**THE PROBLEM**
Only the lines below from the one containing "Mochila Escolar Hello" through the one containing "德国央行(Bundesban" belong in the answer, set down exactly, with the pictures left out.

**MATERIAL FOR THE TASK**
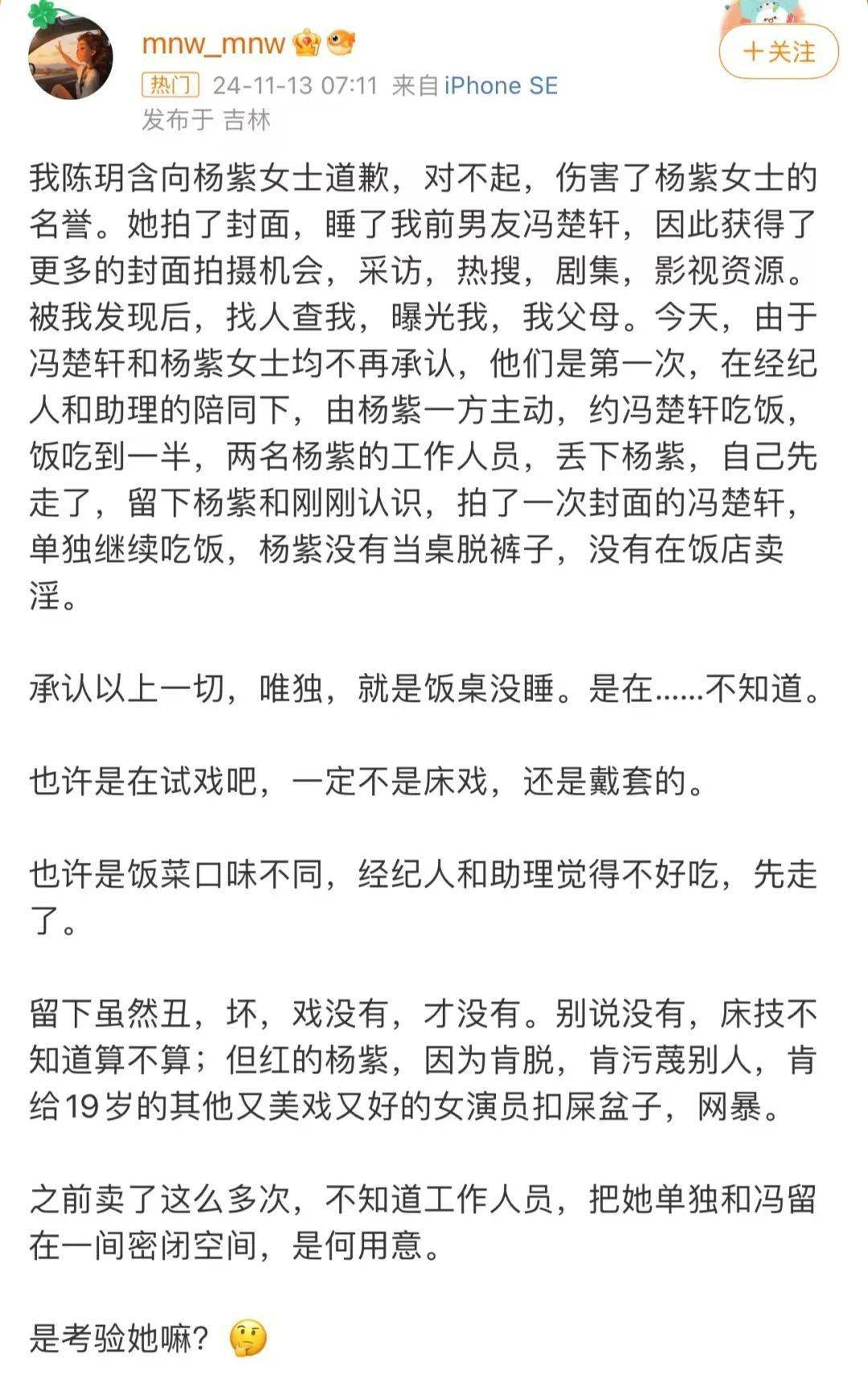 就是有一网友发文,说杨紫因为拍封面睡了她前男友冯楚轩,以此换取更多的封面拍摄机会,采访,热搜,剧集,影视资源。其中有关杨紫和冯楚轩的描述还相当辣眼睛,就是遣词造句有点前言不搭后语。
...
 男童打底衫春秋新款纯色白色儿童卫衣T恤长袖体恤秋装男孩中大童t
...
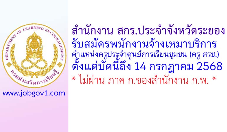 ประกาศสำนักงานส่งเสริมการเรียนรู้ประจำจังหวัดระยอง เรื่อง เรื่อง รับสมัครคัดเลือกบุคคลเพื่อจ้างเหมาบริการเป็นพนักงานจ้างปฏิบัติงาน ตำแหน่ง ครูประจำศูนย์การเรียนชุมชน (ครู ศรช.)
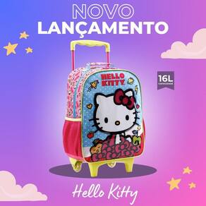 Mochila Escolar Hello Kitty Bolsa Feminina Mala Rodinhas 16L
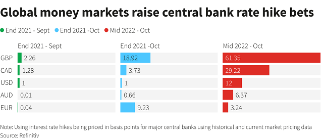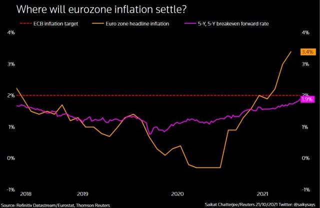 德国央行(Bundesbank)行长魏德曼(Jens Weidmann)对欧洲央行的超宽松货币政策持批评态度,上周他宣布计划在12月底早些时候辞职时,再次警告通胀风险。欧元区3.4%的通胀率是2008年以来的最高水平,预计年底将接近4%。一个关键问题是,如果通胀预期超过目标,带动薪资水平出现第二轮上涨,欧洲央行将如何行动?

**OUTPUT OF THE TASK**
 Mochila Escolar Hello Kitty Bolsa Feminina Mala Rodinhas 16L
 德国央行(Bundesbank)行长魏德曼(Jens Weidmann)对欧洲央行的超宽松货币政策持批评态度,上周他宣布计划在12月底早些时候辞职时,再次警告通胀风险。欧元区3.4%的通胀率是2008年以来的最高水平,预计年底将接近4%。一个关键问题是,如果通胀预期超过目标,带动薪资水平出现第二轮上涨,欧洲央行将如何行动?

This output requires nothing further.